Mónica Elvira Domínguez, Isabel Nuria Tejero Cabrejas, María Vanesa Ferrández Aznar, Shara Rabah Bouzidi Monreal, Natalia López Martín, Teresa Ciprés Alastruey
La enfermedad renal crónica (ERC) y el deterioro cognitivo leve (DCL) son condiciones prevalentes y frecuentemente coexistentes en la población adulta mayor, generando una elevada carga clínica, funcional y social. El presente caso clínico describe la atención enfermera prestada a una mujer de 82 años, con ERC estadio 4 y diagnóstico reciente de DCL, que vive sola en su domicilio. La valoración se realizó según los patrones funcionales de Marjory Gordon, lo que permitió identificar problemas reales y potenciales vinculados al autocuidado, el cumplimiento terapéutico, el deterioro cognitivo y el riesgo de caídas.
Se aplicó el Proceso de Atención de Enfermería (PAE), con diagnósticos enfermeros NANDA, resultados esperados NOC e intervenciones NIC adaptadas al perfil de la paciente. Las actuaciones se centraron en el mantenimiento de la funcionalidad, el apoyo a la adherencia al tratamiento, la estimulación cognitiva y la coordinación con los servicios sociales. La planificación fue individualizada, considerando la progresión de la ERC, la afectación cognitiva y la disponibilidad de apoyo informal.
Este caso destaca la importancia de la intervención enfermera en la gestión de cuidados domiciliarios a personas mayores con patologías crónicas complejas, y subraya la utilidad de las taxonomías enfermeras para garantizar una atención estructurada, segura y centrada en la persona. Asimismo, destaca el valor del trabajo interdisciplinar y la educación sanitaria para promover la autonomía, la calidad de vida y la prevención de complicaciones en este grupo vulnerable.

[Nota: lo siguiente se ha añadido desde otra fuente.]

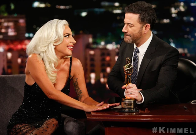 Lady Gaga Jimmy Kimmel műsorának volt a vendége, ahova még vicces módon az Oscar-díját is magával vitte. Természetesen a műsorvezetővel beszélgetésük alatt kitértek az állítólagos szerelemre is közte és Bradley Cooper között. Ha Lady Gaga szemforgató reakciója nem lett volna elég, akkor még ki is mondta, hogy nemhogy nincs közük semmi, hanem az egész direkt így volt megrendezve, ráadásul Cooper által. Hetekig próbáltak, minden egyes mozdulatnak, pillantásnak oka volt, ahogy annak is, hogyan nézett ki a világítás, a kamerabeállás, vagy hogy a színpadra a közönség soraiból léptek fel. A popsztár azt is hozzátette, hogy ez egy szerelmesdal, ahogy a film is egy szerelmesfilm, és nyilván színjátszás volt az egész jelenet köztük, amire persze rásegített a remek kémia a két színész között.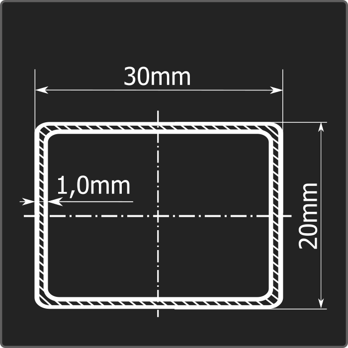 Труба профильная стальная прямоугольного сечения 30*20мм, длиной 6м и толщиной 1,0мм. Материал - углеродистая сталь. Соответствует требованиям ГОСТ 13663-86. Стандартный пакет: вес - 1,332тн., количество - 300шт.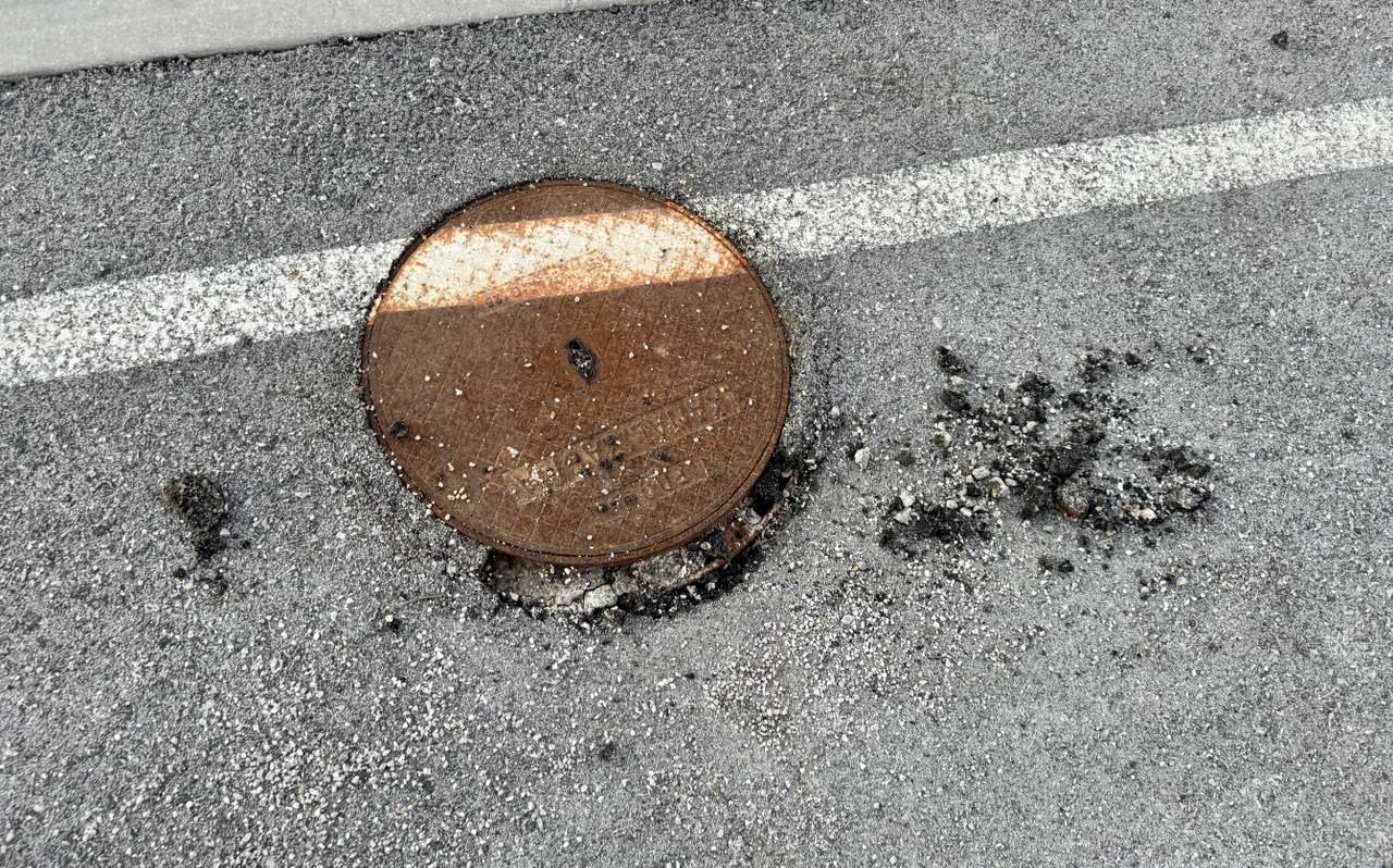 Kot je izpostavil, se kovinski pokrovi jaškov obračajo okoli, celotni kosi asfalta odstopajo, voda pa na cesti stoji že ob manjši plohi.

Chronic kidney disease (CKD) and mild cognitive impairment (MCI) are common and often coexisting conditions in the elderly population, generating a high clinical, functional, and social burden. This clinical case describes the nursing care provided to an 82-year-old woman with stage 4 CKD and a recent diagnosis of MCI, living alone at home. The assessment was conducted following Marjory Gordon’s functional health patterns, which allowed identification of actual and potential problems related to self-care, treatment adherence, cognitive impairment, and fall risk.

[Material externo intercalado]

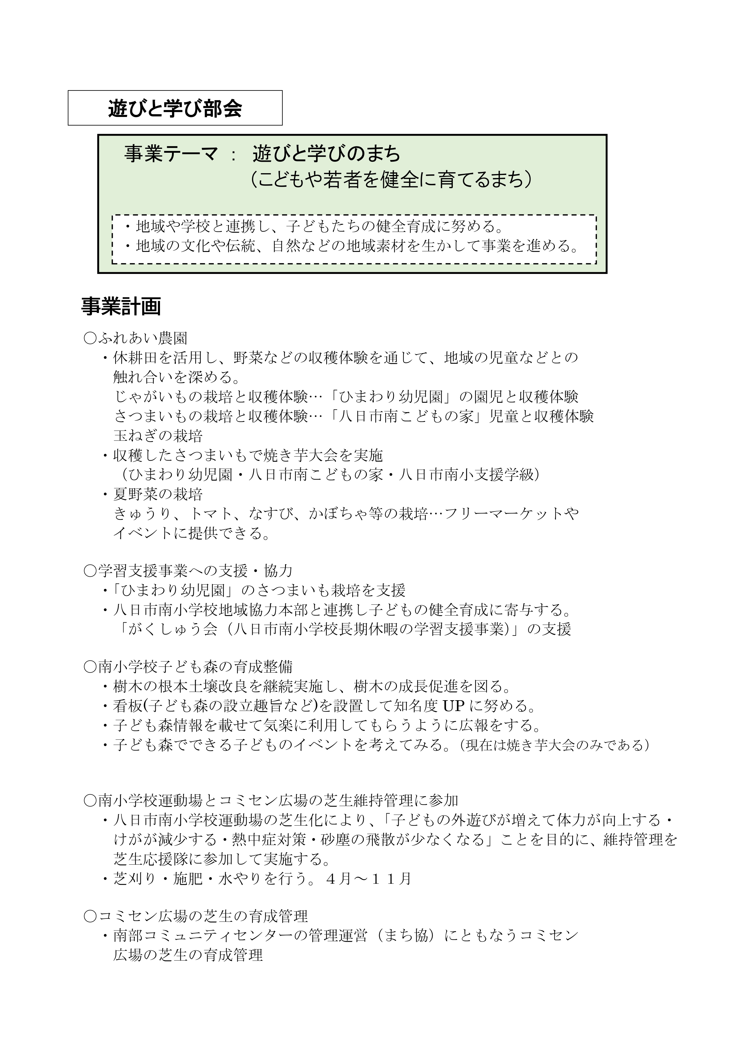 - 家庭教育:青少年教育(なんぶっ子、すこやかキッズ)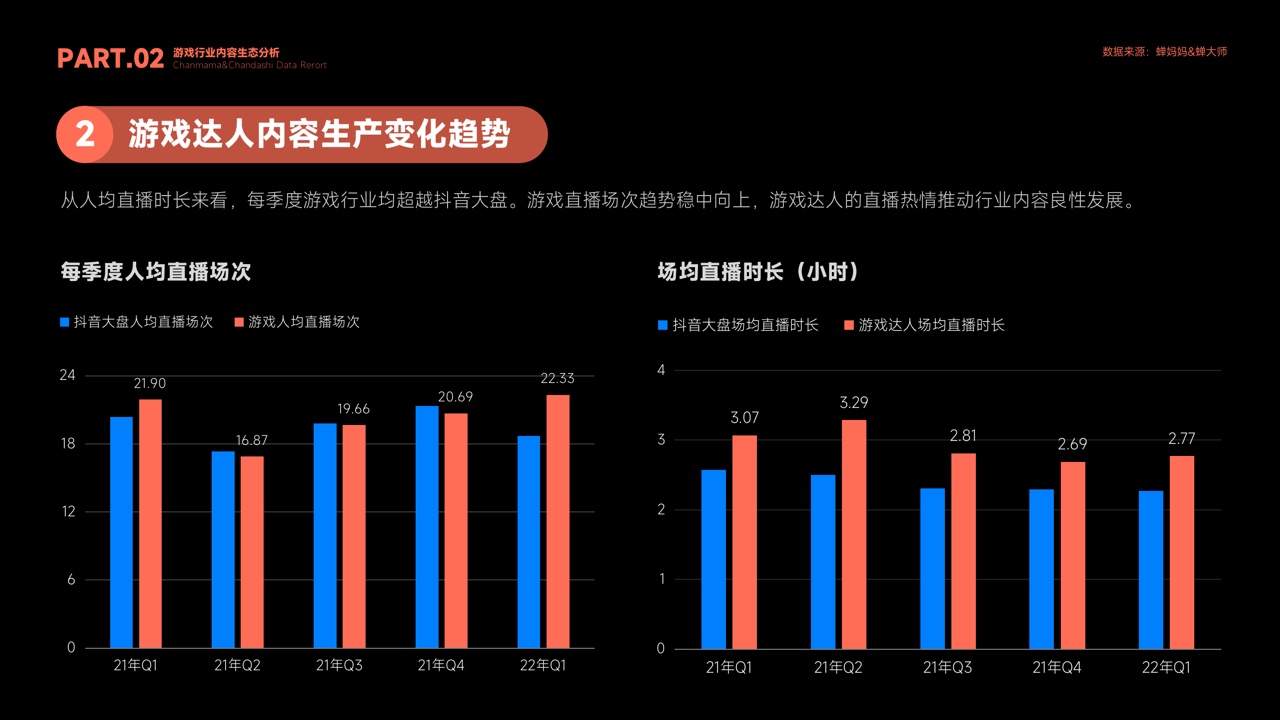 从人均直播时长来看,每季度游戏行业均超越抖音大盘。游戏直播场次趋势稳中向上,游戏达人的直播热情推动行业内容良性发展。

The Nursing Care Process (NCP) was applied, using NANDA nursing diagnoses, expected outcomes (NOC), and nursing interventions (NIC) tailored to the patient’s profile. The interventions focused on maintaining functionality, supporting treatment adherence, cognitive stimulation, and coordination with social services. The care plan was individualized, considering CKD progression, cognitive impairment, and the availability of informal support.

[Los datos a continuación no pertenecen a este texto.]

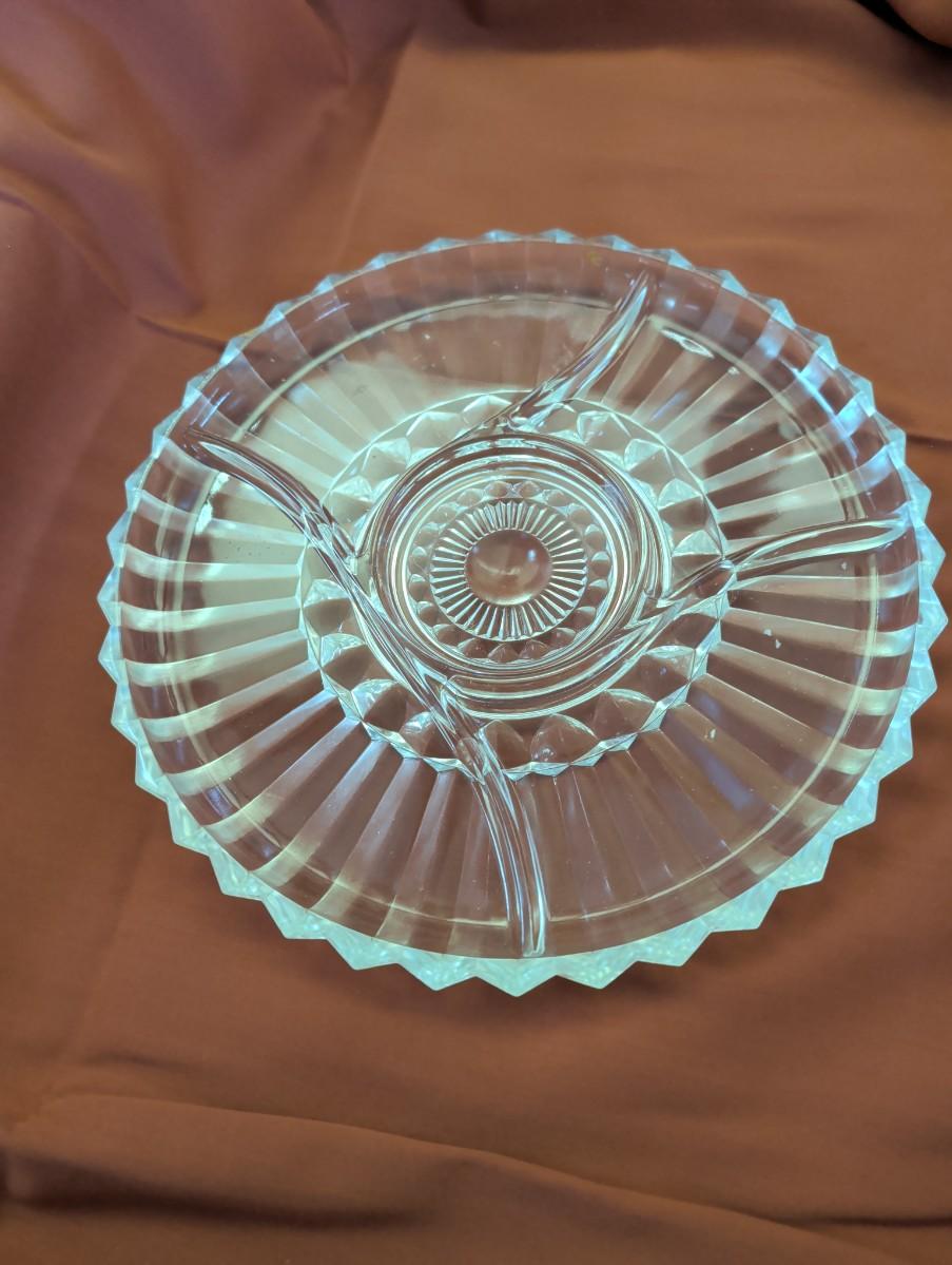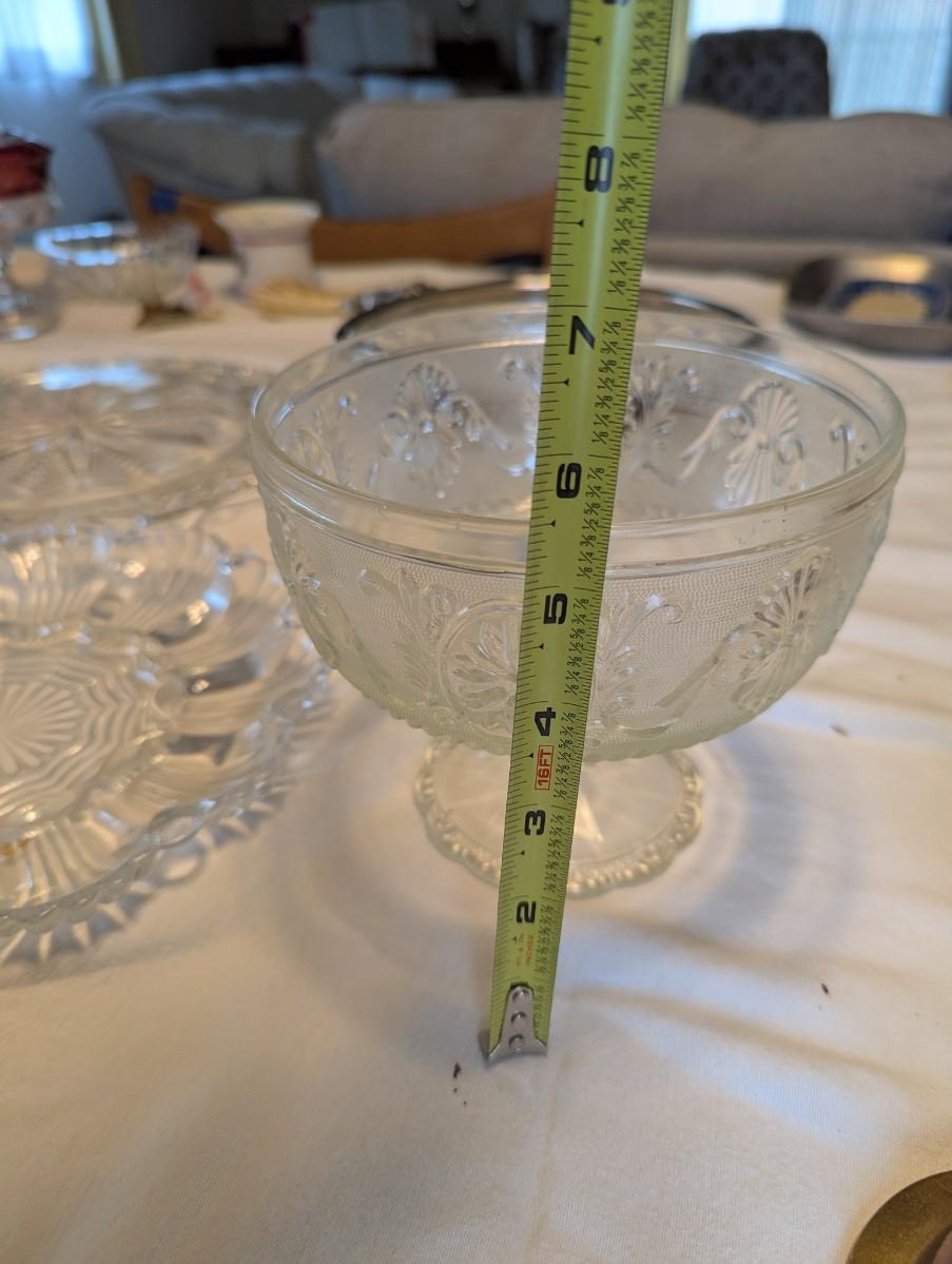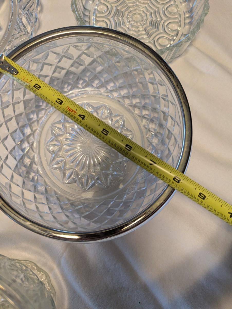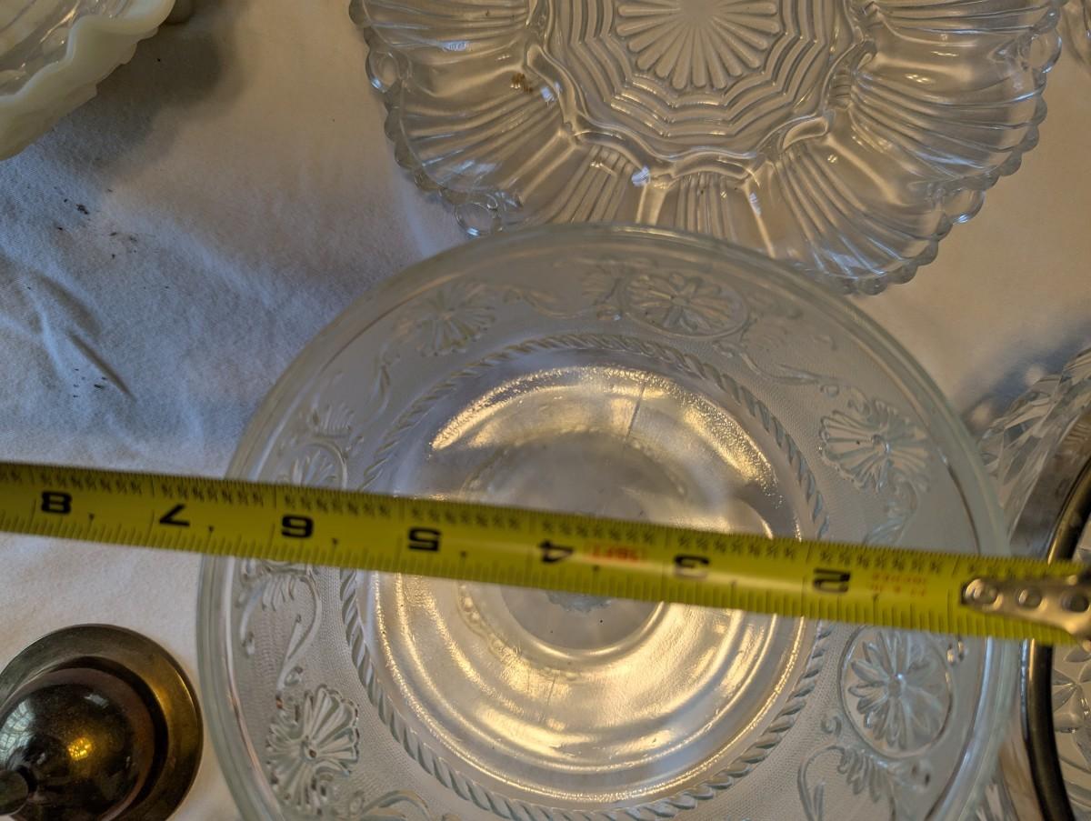 Vintage glass bowl made in England waffle pattern silver metal rim. Vintage pedestal glass candy dish. Vintage clear pressed glass round serving dish. Vintage anchor Hocking Queen Mary clear platter. Federal Glass three-legged glass cake plate. Indiana glass five section ribbed relish tray. Anchor Hocking clear glass deviled egg plate.

This case highlights the importance of nursing intervention in managing home care for older adults with complex chronic conditions, emphasizing the usefulness of nursing taxonomies to ensure structured, safe, and person-centered care. It also underscores the value of interdisciplinary teamwork and health education to promote autonomy, quality of life, and complication prevention in this vulnerable population.